» **What needs to be done**:
Set down the data below from its first line to the line holding "b) Superficie del", inclusive; omit all pictures.

Records contained in a dataset

━━━━━━━━━━━━━━━━

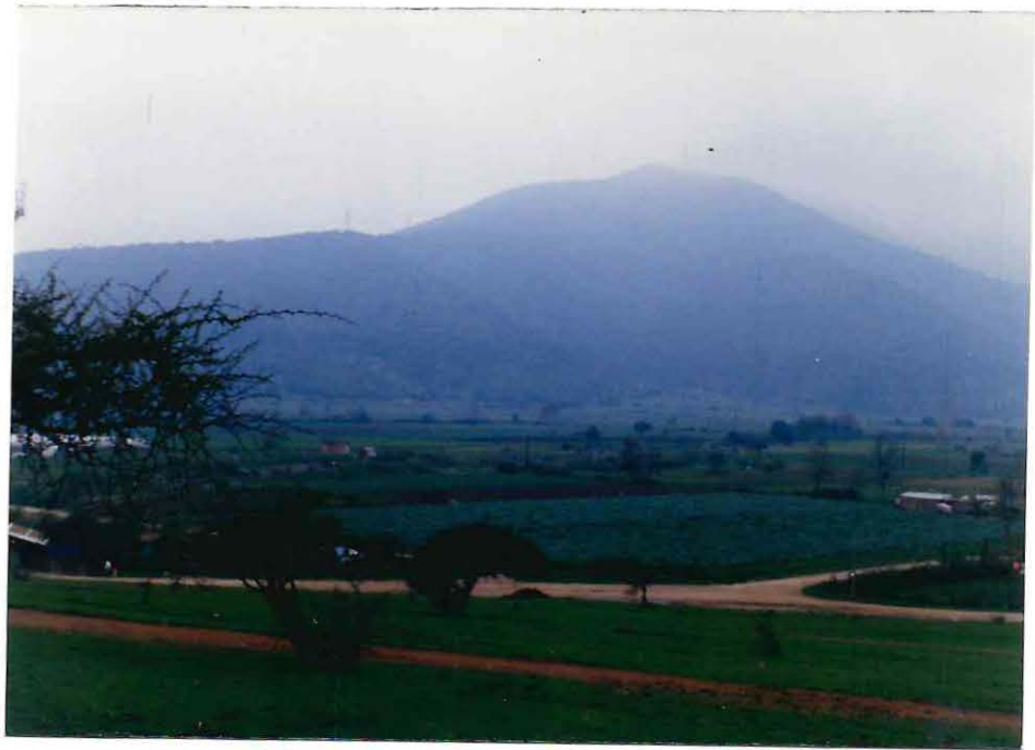
Panorámica de la Comunidad Campesina "El Cajón" de San Pedro.

b) Superficie del Terreno : El área territorial de la comunidad, cubre una superficie aproximada de 5.253,4 hectáreas. Dentro de ésta, encontramos 43 parcelas que cubren 341,2 hectáreas de la superficie total y que son utilizadas para el cultivo agrícola, principal actividad de la comuna estudiada. Además, existe terreno de secano arable, el que alcanza a 4.912,2 hectáreas y corresponde a aquellas tierras no parceladas, especialmente cerros, los que no son explotados con producción agrícola. Estos cerros fueron atribuidos a la comunidad como bienes comunes y tienen derecho a usufructuar de ellos, todos los asignatarios de parcela.
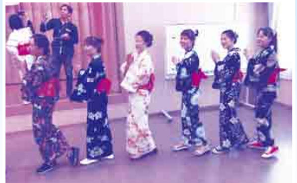
〈昨年の盆踊りの様子〉
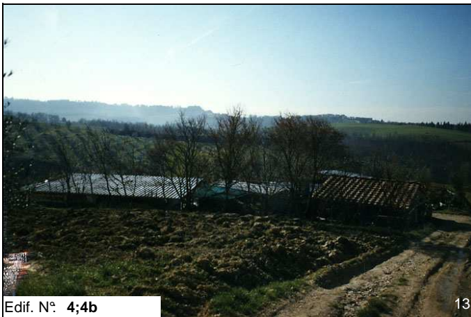
Edif. N° 4;4b
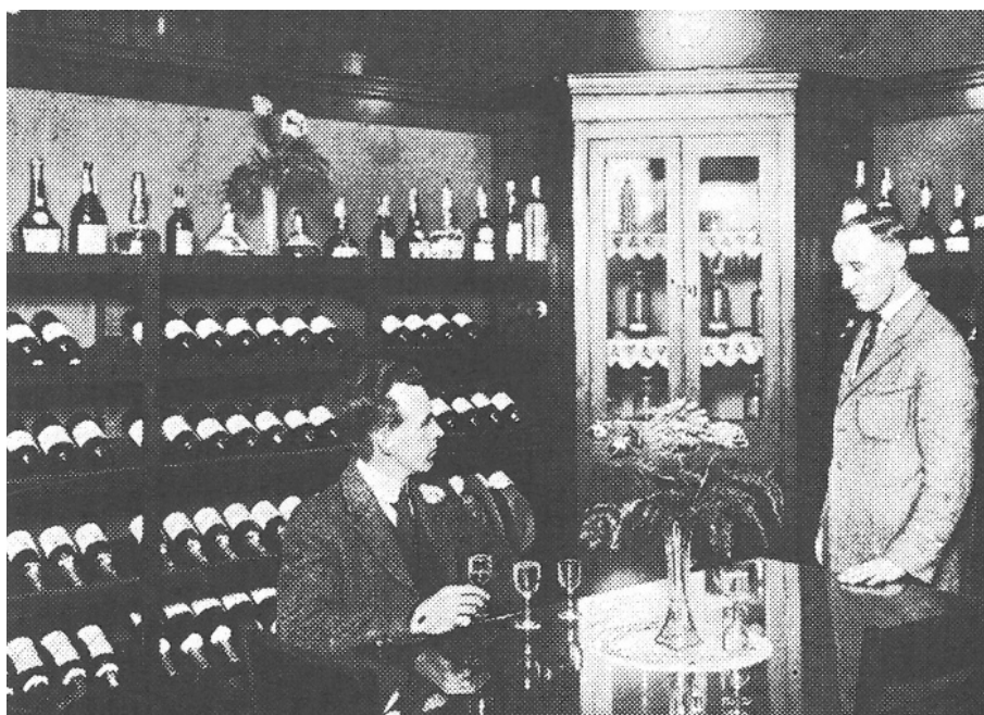
L'intérieur d'une des quatre boutiques réservées à la vente de vin de la Commission des liqueurs, dans lesquelles une certaine clientèle peut s'attabler confortablement pour déguster. ( L'histoire de l'alcool au Québec , 1986, p. 81).

Mais d'abord, un détour par la Commission des liqueurs où le vin a occupé une place particulière dès son institution en 1921. Puisque la bière domestique échappe à la tutelle gouvernementale, le vin est présenté comme une boisson phare pour mener à terme l'objectif social, ouvertement affiché dans le premier rapport annuel, de « transformation des habitudes d'un peuple ». La vente de spiritueux est ainsi limitée à une seule bouteille par visite jusqu'en 1941, tandis que le vin se dérobe à toute restriction. De plus, quatre succursales réservées

━━━━━━━━━━━━━━━━

» **Result below**:
Panorámica de la Comunidad Campesina "El Cajón" de San Pedro.

b) Superficie del Terreno : El área territorial de la comunidad, cubre una superficie aproximada de 5.253,4 hectáreas. Dentro de ésta, encontramos 43 parcelas que cubren 341,2 hectáreas de la superficie total y que son utilizadas para el cultivo agrícola, principal actividad de la comuna estudiada. Además, existe terreno de secano arable, el que alcanza a 4.912,2 hectáreas y corresponde a aquellas tierras no parceladas, especialmente cerros, los que no son explotados con producción agrícola. Estos cerros fueron atribuidos a la comunidad como bienes comunes y tienen derecho a usufructuar de ellos, todos los asignatarios de parcela.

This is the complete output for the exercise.